Today, the D.C. Circuit Court of Appeals found in a 2-1 decision that automakers, petroleum refiners, and food producers lack standing to challenge the Environmental Protection Agency’s (EPA’s) approval of E15 — a blend of gasoline and 15% ethanol — for motor vehicles manufactured after 2000.
Petitioners argued that the EPA acted illegally. Section 211(f) of the Clean Air Act (CAA) prohibits the introduction of new fuels and additives into the U.S. motor fuel supply unless the manufacturer demonstrates that such fuels or additives “will not cause or contribute to a failure of any emission control device or system” of any motor vehicle, motor vehicle engine, nonroad vehicle, or nonroad engine manufactured after model year 1974. By the EPA’s own admission, E15 can contribute to emission failures in vehicles manufactured between 1975 and 2000. Petitioners argued that CAA 211(f) gives the EPA no authority to grant a “partial waiver” for the sale of new fuels or additives to a subset of vehicles (e.g., model years 2001 and later).
Chief Justice David Sentelle and Judge David Tatel held that petitioners lack standing to sue. According to Sentelle and Tatel, petitioners could not show that the EPA’s approval of E15 would likely cause a ‘concrete’ and ‘imminent’ injury to any automaker, refiner, or food producer.

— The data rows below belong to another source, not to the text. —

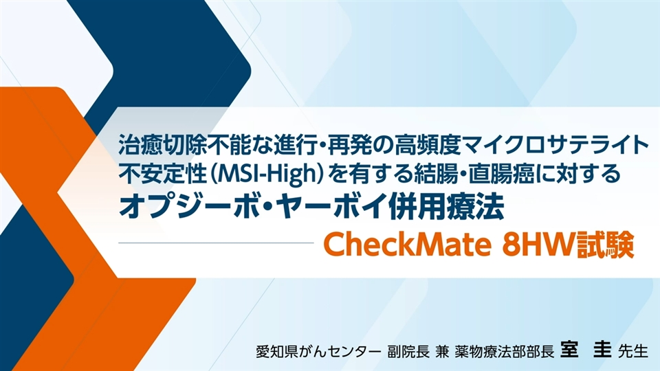 治療切除不能な進行・再発の高頻度マイクロサテライト不安定性(MSI-High)を有する結腸・直腸癌に対するオプジーボ・ヤーボイ併用療法について、愛知県がんセンター 副院長 兼 薬物療法部部長の室圭先生にご紹介いただきます。
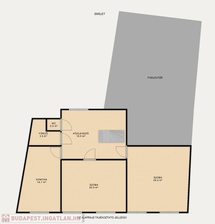 HÁROM, egyenként közel 25 M²-ES, tágas és világos SZOBA biztosítja a kényelmes lakhatást. Ezen a szinten található továbbá egy különálló KONYHA, ÉTKEZŐ, KAMRA egy FÜRDŐSZOBA, valamint egy központi LÉPCSŐFELJÁRÓ, amely a tetőtérbe vezet.
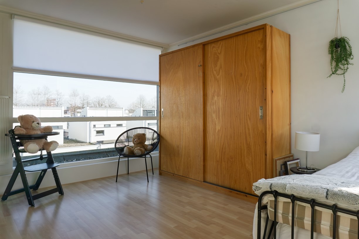 Deze kamer ligt aan de andere zijde van de trap en beschikt eveneens over grote ramen. Ook in deze kamer bevindt zich een vaste inbouwkast. De afwerking is gelijk aan de afwerking van slaapkamer 4.
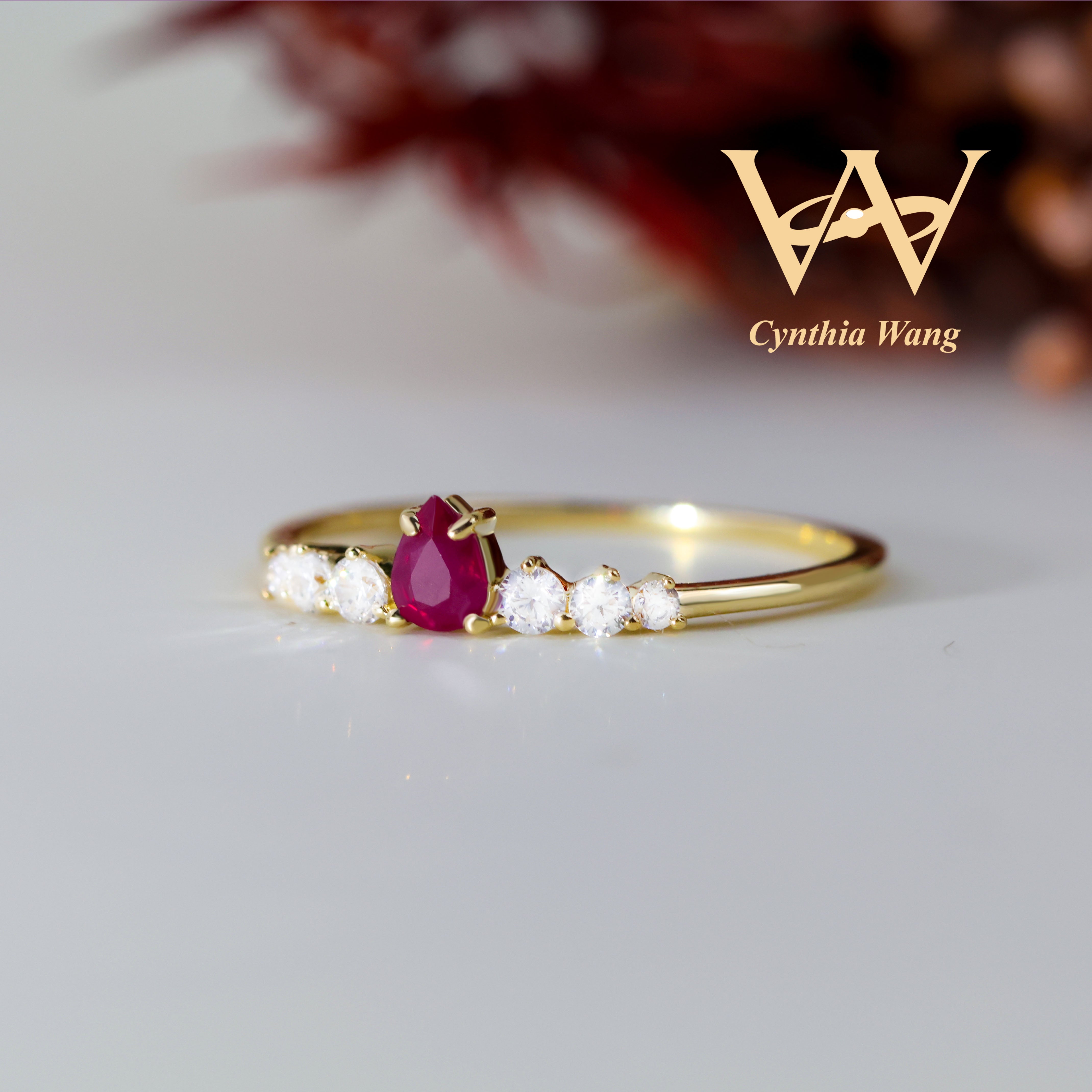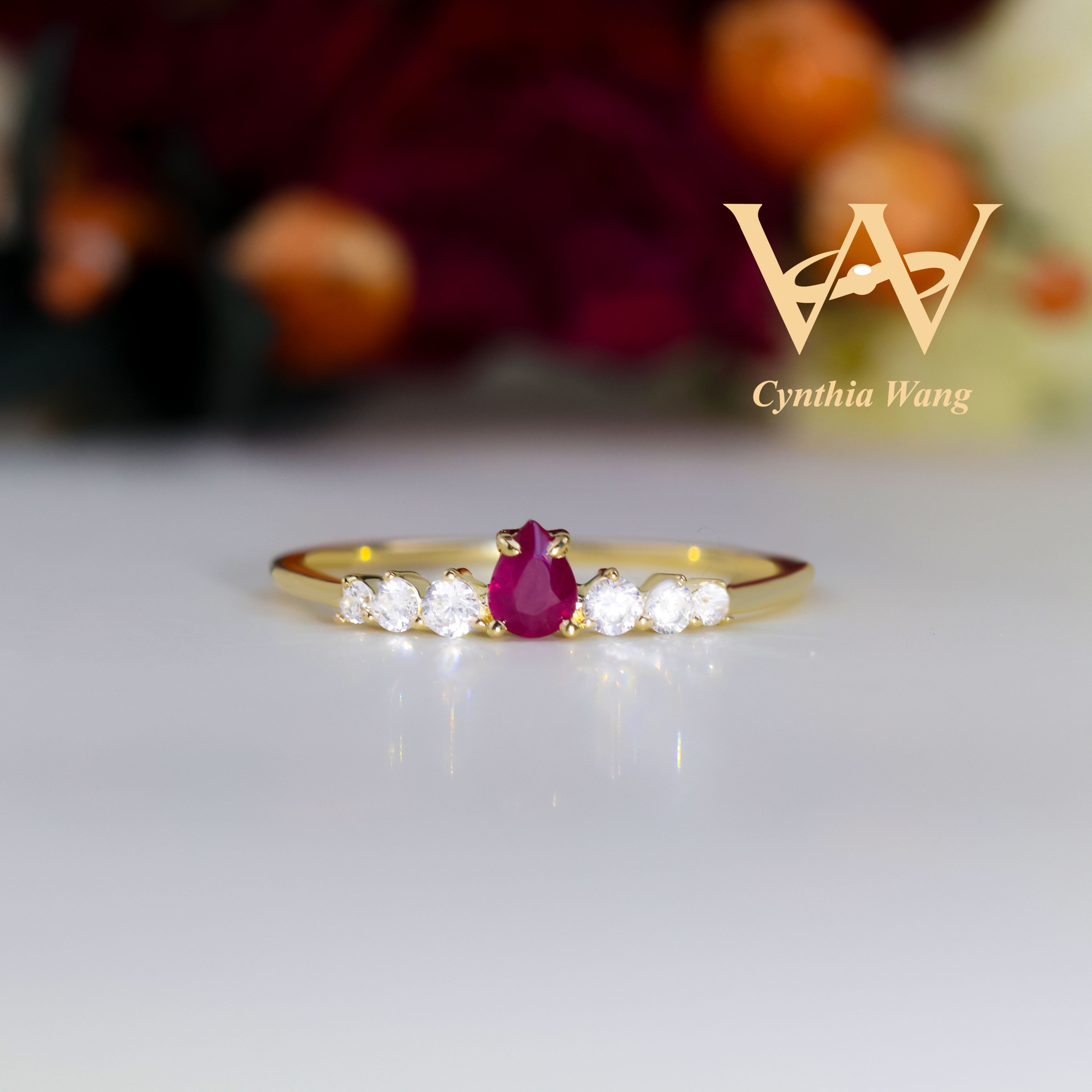 Indulge in the captivating allure of 'Crimson Fantasy'. Crafted from lasting 10k gold, this ring features a beguiling pear cut ruby, radiating timeless charm and irresistible temptation. Elevate your style with this exquisite piece that will never fade.

I’ll grant that the automakers’ asserted injury may be ‘speculative’ or ‘conjectural.’ However, it is hard to fathom how the EPA’s approval of E15 would not impose substantial costs on both petroleum refiners and food producers. The switch from E10 to E15 means a 50% increase in the quantity of ethanol blended into the nation’s motor fuel supply, potentially increasing ethanol sales from 14 billion gallons a year to 21 billion gallons. Since nearly all U.S. ethanol today comes from corn, the switch to E15 could substantially increase demand for corn, corn prices, and the quantity of corn diverted from feed and food production to motor fuel production.